Leticia Longoria-Navarro
Executive Director, The Pathfinder Network


Leticia is the Executive Director of The Pathfinder Network, an Oregon-based nonprofit that provides justice system-impacted individuals and families the tools and support they need to be safe and thrive in our communities. She partners with team members to provide leadership, vision, community, and support to the organization to ensure the greatest impact with the communities they serve. She has worked in schools, prisons, community corrections and in community-based service settings leading and implementing change and innovation. At TPN, Leticia has successfully conceptualized, developed and implemented numerous innovative programs, curricula and training that is responsive to emergent needs in the field and is a driving force in the agency’s diversity, equity, inclusion and justice efforts. She is a skilled leader, practitioner, developer, trainer and evaluator of evidence-based programs and practices.

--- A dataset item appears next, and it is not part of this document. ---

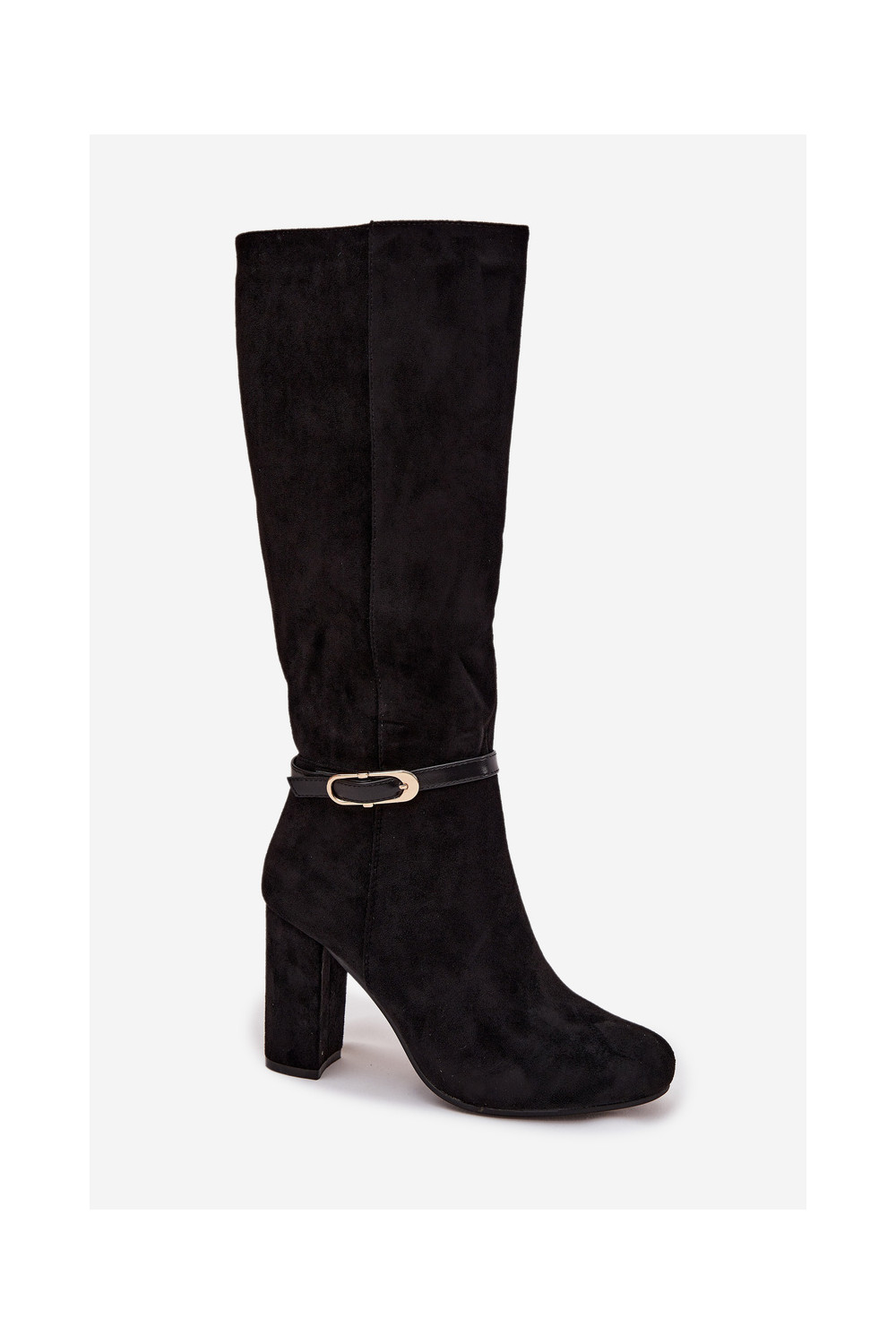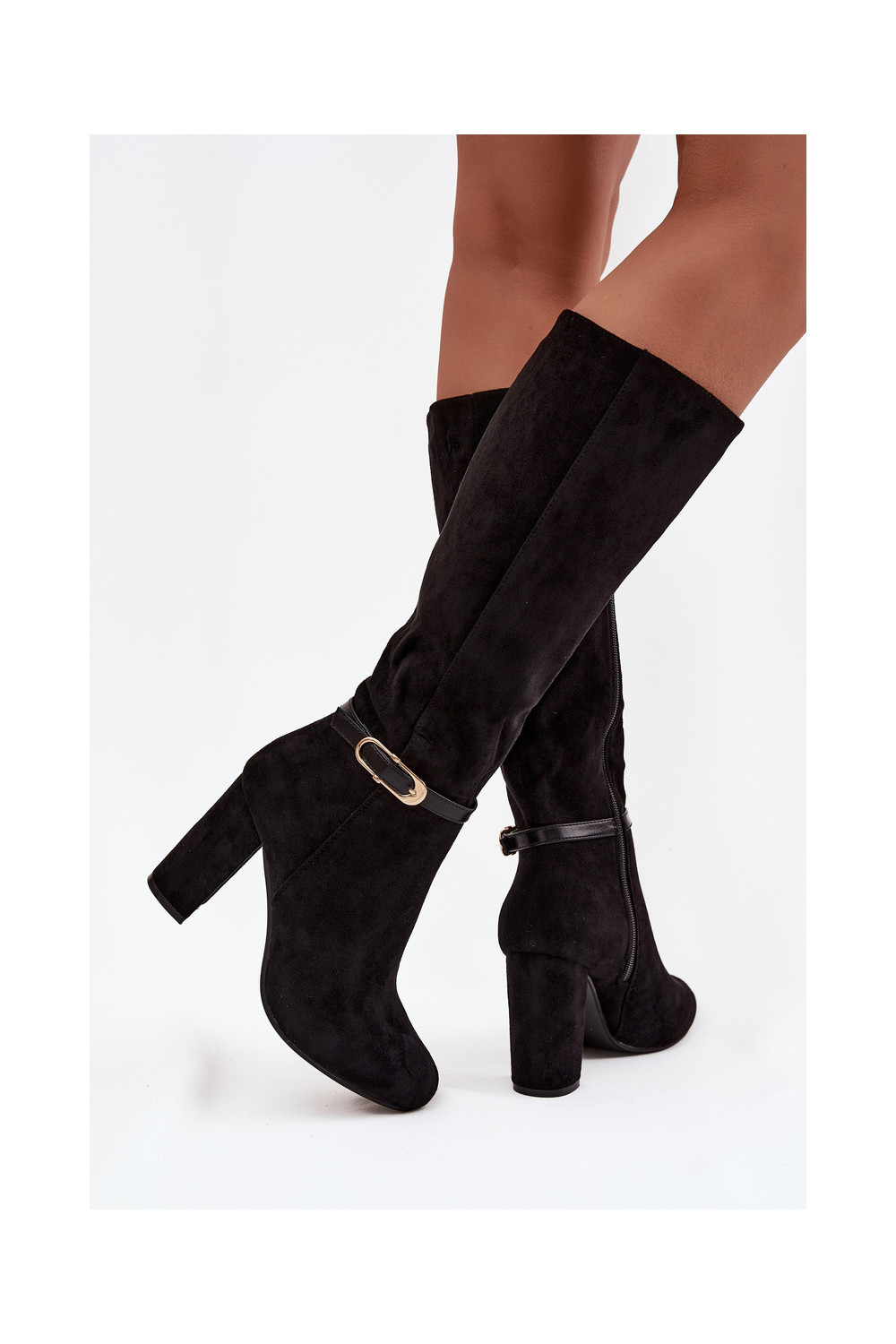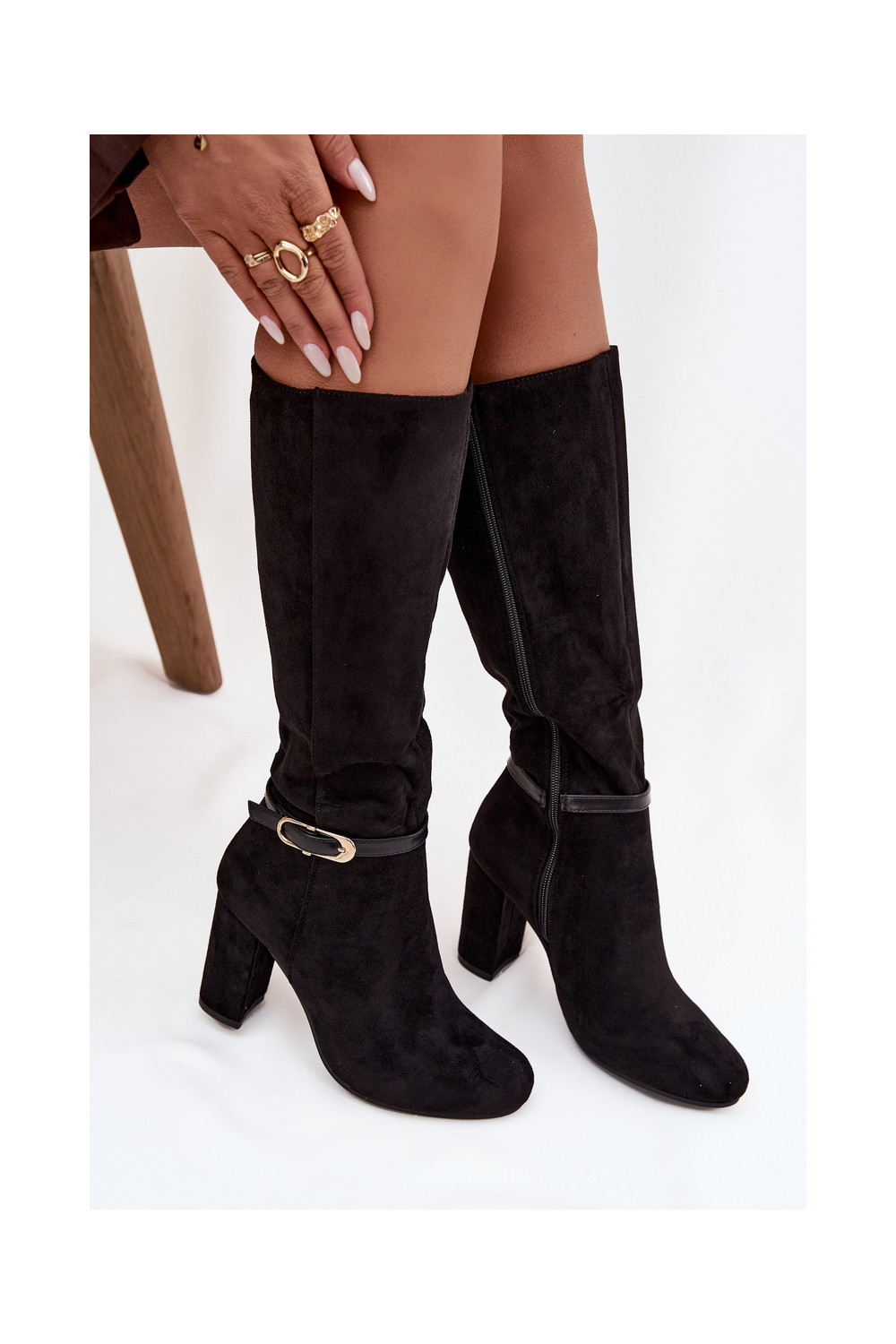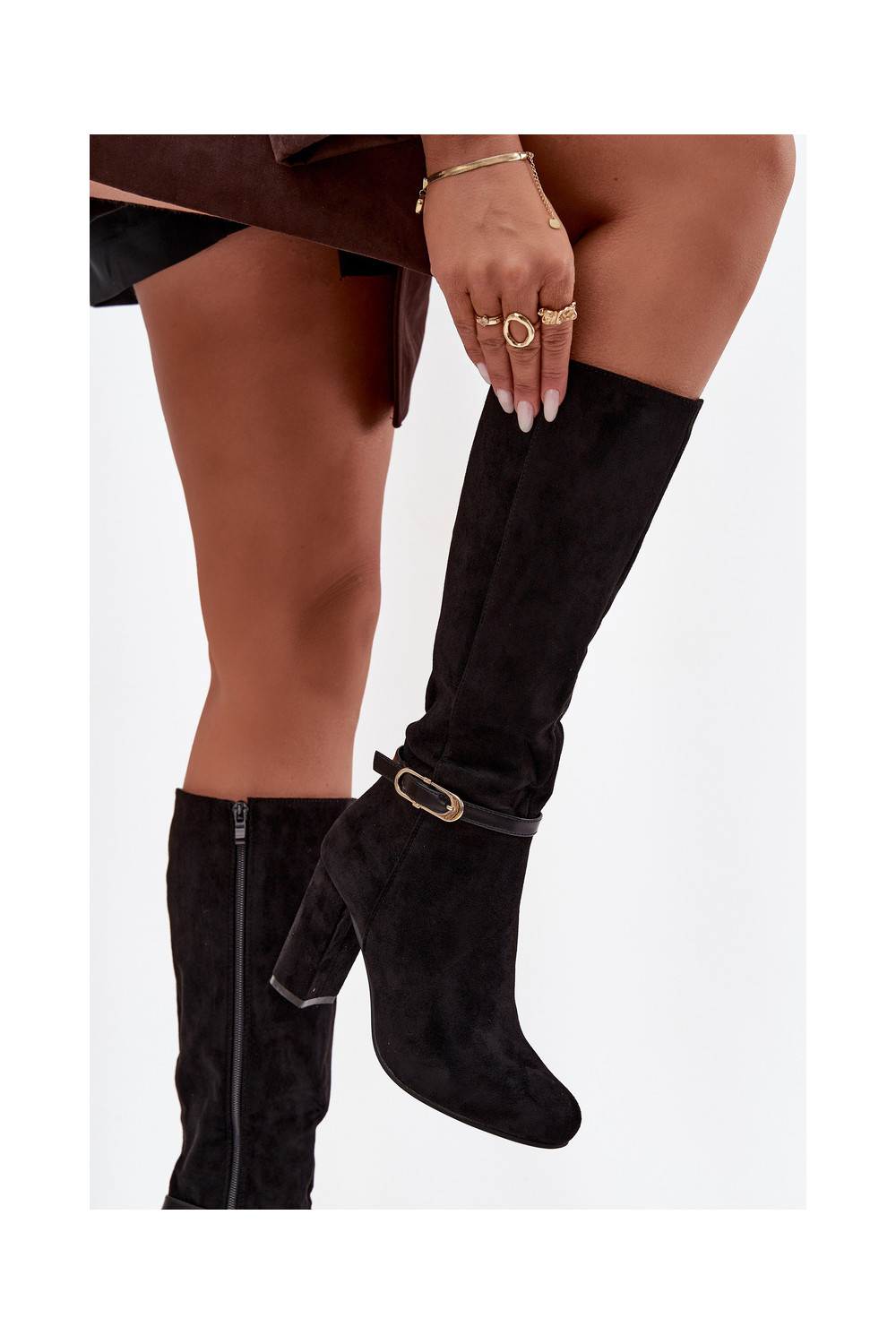 moteriški ilgaauliai batai su kulniukais su aukso spalvos sagtimis pašiltinti Juodos spalvos Seraphine

Leticia leads powerful training and dynamic presentations across the country to various audiences that provide attendees with opportunities to broaden their skills and awareness. She is known for her enthusiastic and engaging leadership style, and vision for lifelong learning and guiding individuals, organizations, and systems through change.


Colette Payne
Senior Advisor, The Women's Justice Institute (WJI)


Colette is an organizer, leader, student, mother, and grandmother. She is the Director of the Women’s Justice Institute (WJI) Reclamation Project, the first initiative of its kind to be led by-and-for system-impacted women. Colette worked to design and launch the Reclamation Center in the Pilsen Arts Corridor of Chicago, which serves as the Project’s home for arts and advocacy, mutual support, healing and connection, community building and leadership development among women with lived experience. She engages women impacted by the criminal legal system to become agents of change and create solutions to end women’s mass incarceration. She speaks on topics ranging from the reunification of children and mothers, reproductive justice, mental health care, the need for increased programming in prisons, and barriers to employment for people with criminal records. She also provides expert testimony before legislative committees and has received several awards for her leadership, including Claim’s JoAnn Archibald award (2013), the Jane Adams Center for Social Policy and Research Community Leadership Award (2015), Safer Foundation’s Carre Visionary Award (2018) and the Chicago Foundation for Women (CFW) 2020 Impact award for her dedication to improving the lives of women and girls in the Chicago area.